Introduction
XML documents have a tree structure called DOM. On the other hand, languages, which are used to respond queries, have a textual structure. Therefore, this structure conversion is necessary. In continuance, because of not requiring to be related to a special language, we define a structure called Tree Pattern Query. Fortunately, all query languages in XML are simply convertible to TPQ.
TPQ is a Tree Structure for XML queries. The tree nodes are composed of query tags and its mainscontain the linkages //, /, ? and *, so that for each element a and b with the linkage c, we can find a mane in TPQ that its nodes are a and b and its kind of mane, c.
Following on, we will explain the way to convert this XPath to TPQ with an example.
Example: Q1://A[./B]/*//D
In this query, A,B and D mean the tags we are looking for in the document. // means ( Ancestor – Descendant ) relation, / means ( Parent – Child ) relation and * is the name of the arbitrary tag. Now, TPQ can be depicted corresponding with the above query easily.
Now after being able to convert queries structures to the tree structure like the document, we can look for all tree models that match TPQ. For example if we want to perform the above queries on the below document, one of the attained models is < A2, B1, D1 >.
Reviewing the previous methods
Nested Loop Method
As stated in the previous part, a document is shown as a set of nodes and in the form of a tree.
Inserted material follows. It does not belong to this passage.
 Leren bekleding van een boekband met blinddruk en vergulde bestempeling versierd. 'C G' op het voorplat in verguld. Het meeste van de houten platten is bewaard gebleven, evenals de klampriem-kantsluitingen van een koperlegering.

On the other hand, all query languages in XML require the match between query nodes and document. For example suppose we export the following query:
BOOK//title
It means we want all titles of the books. In this method, we firstly find all the books and then we test for each node if it has a child called title. This is the first method which is applied.
As it is clear, this method has many basic difficulties that we refer to two main cases which make it non-establishable for large documents:
In this method, a loop should be performed for each node. For example, if we want to perform the query, a/b//c/d, we will require 4 complex loops, so the time complexity of this method is O(n2), where n is the number of query nodes.
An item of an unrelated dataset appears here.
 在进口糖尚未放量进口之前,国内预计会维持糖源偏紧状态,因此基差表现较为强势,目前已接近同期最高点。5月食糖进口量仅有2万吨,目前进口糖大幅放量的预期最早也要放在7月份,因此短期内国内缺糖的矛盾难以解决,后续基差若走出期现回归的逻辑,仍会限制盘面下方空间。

In this method, the number of the produced intermediate results is so much, and in addition to wasting time for processing these useless nodes, we will require a very large memory to hold these nodes.
Structural Join Method
In this method, at first, all complex relations of the nodes are achieved. For example, the query, a//b/c//d is converted into the three relations, a//b, b/c and c//d; then each query is performed separately, and finally, the results are integrated altogether. We will explain the way of achieving one of the binary queries as follows. Note to the query, Book//Title. In this method, we will make two lists, for these two groups, one for the book and another for the title separately. Now, we compare all title nodes with all book nodes. We will return every pairs of nodes which have an Ancestor – Descendant relation between them as the response. This is called Join in database world.
This method has two general difficulty
- In this method, we have to divide the main query, which has a few responses into a large number of binary queries, which each one returns a large number of the responses.
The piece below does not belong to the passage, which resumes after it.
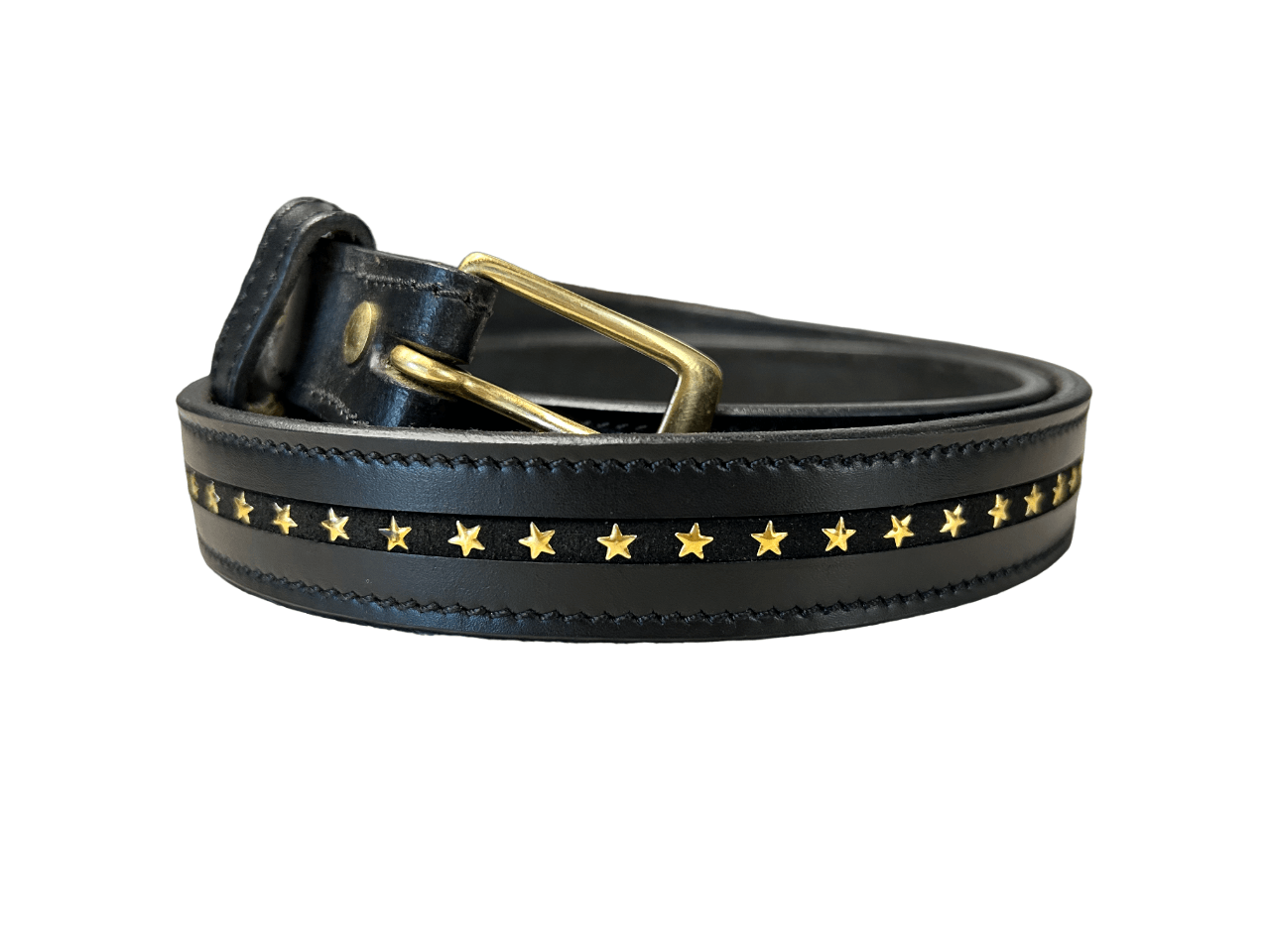 Cintura in cuoio nero con stelline oro.

- This method returns a large content of the intermediate results that a general content of the results will not be of the final result. Thus, producing and holding of these intermediate results make the response time to the main query longer.
Since this method breaks all queries to binary relations, we will need n-1 binary query and also m=(n-1)/2 integration for a query with n
member in the first step. So in general state, the time complexity of O(m(2+2(n-2))) for this query will be just in the first step. In later steps, the gained results is half on average. Since the first step of this method is the most time-taker step, we stated this step complexity as the method complexity.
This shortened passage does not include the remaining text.